It is a longitudinal cross-sectional view of the furnace length direction of the chamber type coke oven which concerns on the 1st Embodiment of this invention. It is a longitudinal cross-sectional view of the furnace group length direction of the chamber furnace type coke oven which concerns on the same embodiment. It is an expanded longitudinal cross-sectional view which shows the furnace end part of the coke oven which concerns on the same embodiment. It is a top view etc. which show the hollow clay brick concerning the embodiment. It is a top view etc. which show the hollow red brick concerning the embodiment. It is the longitudinal cross-sectional view and horizontal sectional view of the furnace length direction which show the clay brick layer which concerns on this embodiment. It is a schematic diagram which shows the model of the furnace end part which concerns on a comparative example. It is a schematic diagram which shows the model of the furnace end part which concerns on the Example of this invention.

  Exemplary embodiments of the present invention will be described below in detail with reference to the accompanying drawings. In addition, in this specification and drawing, about the component which has the substantially same function structure, duplication description is abbreviate | omitted by attaching | subjecting the same code | symbol.

[1. Overall configuration of coke oven]
First, the overall configuration of the coke oven according to the first embodiment of the present invention will be described with reference to FIGS. 1 and 2. FIG. 1 is a longitudinal sectional view in the furnace length direction X of a chamber furnace type coke oven 1 according to this embodiment, and FIG. 2 is a view of the furnace group length direction Y of the chamber furnace type coke oven 1 according to this embodiment. It is a longitudinal cross-sectional view.

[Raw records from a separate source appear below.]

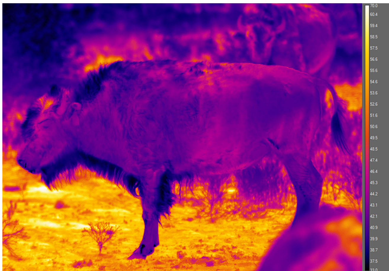
Photo 3. Thermal image of bison yearling on a hot Texas day, summer 2017. Temperature ranges from 33°C (black and blues) to 70°C (yellows and whites) for the soil.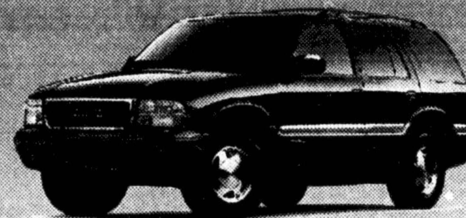
Jimmy 16 Available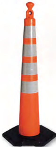
42" Grabber-Cone with (4) 4" bands of white reflective sheeting

  As shown in FIGS. 1 and 2, a chamber-type coke oven 1 includes a sole flue 2 provided at the lower portion of the furnace body, a heat storage chamber 3 provided above the sole flue 2, and an upper portion of the heat storage chamber 3. Are provided with a carbonization chamber 4 and a combustion chamber 5, and a furnace top 6 provided at the upper part of the carbonization chamber 4 and the combustion chamber 5. Although not shown, the coke oven 1 is arranged on the furnace top portion 6 so as to be able to travel in the furnace group length direction Y, and is loaded with coal into each carbonization chamber 4 or coke from each carbonization chamber 4. An extruder for extruding is also provided.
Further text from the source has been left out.